** WHAT THE TASK REQUIRES **
Please copy, exactly as they appear below, the lines from the one containing "会上,李莹、彭红彬分别领学两" through the one containing "A partir de".

** EXERCISE INPUTS **
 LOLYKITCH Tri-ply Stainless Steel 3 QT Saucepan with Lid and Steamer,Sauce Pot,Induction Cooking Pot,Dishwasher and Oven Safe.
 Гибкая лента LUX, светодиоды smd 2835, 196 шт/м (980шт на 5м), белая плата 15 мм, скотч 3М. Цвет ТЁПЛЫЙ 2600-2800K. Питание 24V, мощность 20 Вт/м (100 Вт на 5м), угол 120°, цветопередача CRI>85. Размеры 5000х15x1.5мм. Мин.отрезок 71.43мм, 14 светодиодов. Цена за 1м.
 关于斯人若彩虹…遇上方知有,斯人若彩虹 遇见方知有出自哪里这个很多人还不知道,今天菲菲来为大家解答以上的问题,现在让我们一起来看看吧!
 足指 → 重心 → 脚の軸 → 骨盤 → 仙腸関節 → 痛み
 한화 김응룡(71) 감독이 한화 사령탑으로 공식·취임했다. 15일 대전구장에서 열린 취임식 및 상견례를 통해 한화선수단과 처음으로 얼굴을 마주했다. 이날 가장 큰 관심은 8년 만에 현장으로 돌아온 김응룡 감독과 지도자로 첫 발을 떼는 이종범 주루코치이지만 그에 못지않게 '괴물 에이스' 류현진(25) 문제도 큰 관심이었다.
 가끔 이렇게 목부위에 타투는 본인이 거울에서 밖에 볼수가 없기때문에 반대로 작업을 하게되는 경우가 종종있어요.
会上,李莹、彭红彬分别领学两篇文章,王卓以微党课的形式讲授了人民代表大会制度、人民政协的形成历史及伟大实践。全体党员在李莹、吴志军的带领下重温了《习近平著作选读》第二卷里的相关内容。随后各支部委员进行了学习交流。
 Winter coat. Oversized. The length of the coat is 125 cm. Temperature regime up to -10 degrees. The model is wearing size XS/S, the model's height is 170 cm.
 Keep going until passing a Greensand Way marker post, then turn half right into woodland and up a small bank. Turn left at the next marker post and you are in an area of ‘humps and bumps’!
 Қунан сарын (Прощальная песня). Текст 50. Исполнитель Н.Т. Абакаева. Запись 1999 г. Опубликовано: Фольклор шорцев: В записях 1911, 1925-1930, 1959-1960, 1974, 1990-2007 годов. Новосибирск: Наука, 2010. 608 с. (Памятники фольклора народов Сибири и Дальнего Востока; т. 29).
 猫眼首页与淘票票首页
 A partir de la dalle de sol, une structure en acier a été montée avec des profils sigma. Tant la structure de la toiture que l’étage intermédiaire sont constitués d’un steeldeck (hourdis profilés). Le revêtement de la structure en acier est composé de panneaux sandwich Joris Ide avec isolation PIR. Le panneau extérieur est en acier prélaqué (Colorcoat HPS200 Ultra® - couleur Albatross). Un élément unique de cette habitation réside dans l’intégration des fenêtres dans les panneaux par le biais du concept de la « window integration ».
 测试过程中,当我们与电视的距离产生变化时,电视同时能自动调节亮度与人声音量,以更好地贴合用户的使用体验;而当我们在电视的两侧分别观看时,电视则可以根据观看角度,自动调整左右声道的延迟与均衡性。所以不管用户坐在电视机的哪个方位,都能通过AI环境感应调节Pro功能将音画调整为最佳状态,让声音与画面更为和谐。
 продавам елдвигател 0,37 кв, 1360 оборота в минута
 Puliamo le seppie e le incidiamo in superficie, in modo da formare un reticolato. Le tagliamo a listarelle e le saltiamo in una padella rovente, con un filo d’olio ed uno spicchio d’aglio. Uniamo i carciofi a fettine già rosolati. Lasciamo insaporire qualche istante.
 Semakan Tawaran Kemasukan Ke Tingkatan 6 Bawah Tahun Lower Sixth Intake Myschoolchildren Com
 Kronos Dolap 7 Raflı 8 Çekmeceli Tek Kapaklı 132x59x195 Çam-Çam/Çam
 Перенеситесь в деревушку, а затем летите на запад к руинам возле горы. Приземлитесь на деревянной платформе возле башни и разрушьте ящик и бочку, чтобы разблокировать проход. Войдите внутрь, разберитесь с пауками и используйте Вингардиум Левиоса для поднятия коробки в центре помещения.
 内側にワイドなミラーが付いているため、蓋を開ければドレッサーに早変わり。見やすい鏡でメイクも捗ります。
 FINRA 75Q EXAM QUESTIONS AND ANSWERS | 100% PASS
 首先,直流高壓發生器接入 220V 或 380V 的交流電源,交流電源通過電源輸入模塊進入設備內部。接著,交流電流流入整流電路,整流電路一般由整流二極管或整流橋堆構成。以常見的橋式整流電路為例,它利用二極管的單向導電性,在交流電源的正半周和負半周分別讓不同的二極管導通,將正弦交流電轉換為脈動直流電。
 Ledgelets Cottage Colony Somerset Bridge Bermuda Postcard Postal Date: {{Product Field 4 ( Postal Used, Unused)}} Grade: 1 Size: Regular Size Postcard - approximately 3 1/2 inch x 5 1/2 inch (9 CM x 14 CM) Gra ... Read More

** WRITTEN RESPONSE **
会上,李莹、彭红彬分别领学两篇文章,王卓以微党课的形式讲授了人民代表大会制度、人民政协的形成历史及伟大实践。全体党员在李莹、吴志军的带领下重温了《习近平著作选读》第二卷里的相关内容。随后各支部委员进行了学习交流。
 Winter coat. Oversized. The length of the coat is 125 cm. Temperature regime up to -10 degrees. The model is wearing size XS/S, the model's height is 170 cm.
 Keep going until passing a Greensand Way marker post, then turn half right into woodland and up a small bank. Turn left at the next marker post and you are in an area of ‘humps and bumps’!
 Қунан сарын (Прощальная песня). Текст 50. Исполнитель Н.Т. Абакаева. Запись 1999 г. Опубликовано: Фольклор шорцев: В записях 1911, 1925-1930, 1959-1960, 1974, 1990-2007 годов. Новосибирск: Наука, 2010. 608 с. (Памятники фольклора народов Сибири и Дальнего Востока; т. 29).
 猫眼首页与淘票票首页
 A partir de la dalle de sol, une structure en acier a été montée avec des profils sigma. Tant la structure de la toiture que l’étage intermédiaire sont constitués d’un steeldeck (hourdis profilés). Le revêtement de la structure en acier est composé de panneaux sandwich Joris Ide avec isolation PIR. Le panneau extérieur est en acier prélaqué (Colorcoat HPS200 Ultra® - couleur Albatross). Un élément unique de cette habitation réside dans l’intégration des fenêtres dans les panneaux par le biais du concept de la « window integration ».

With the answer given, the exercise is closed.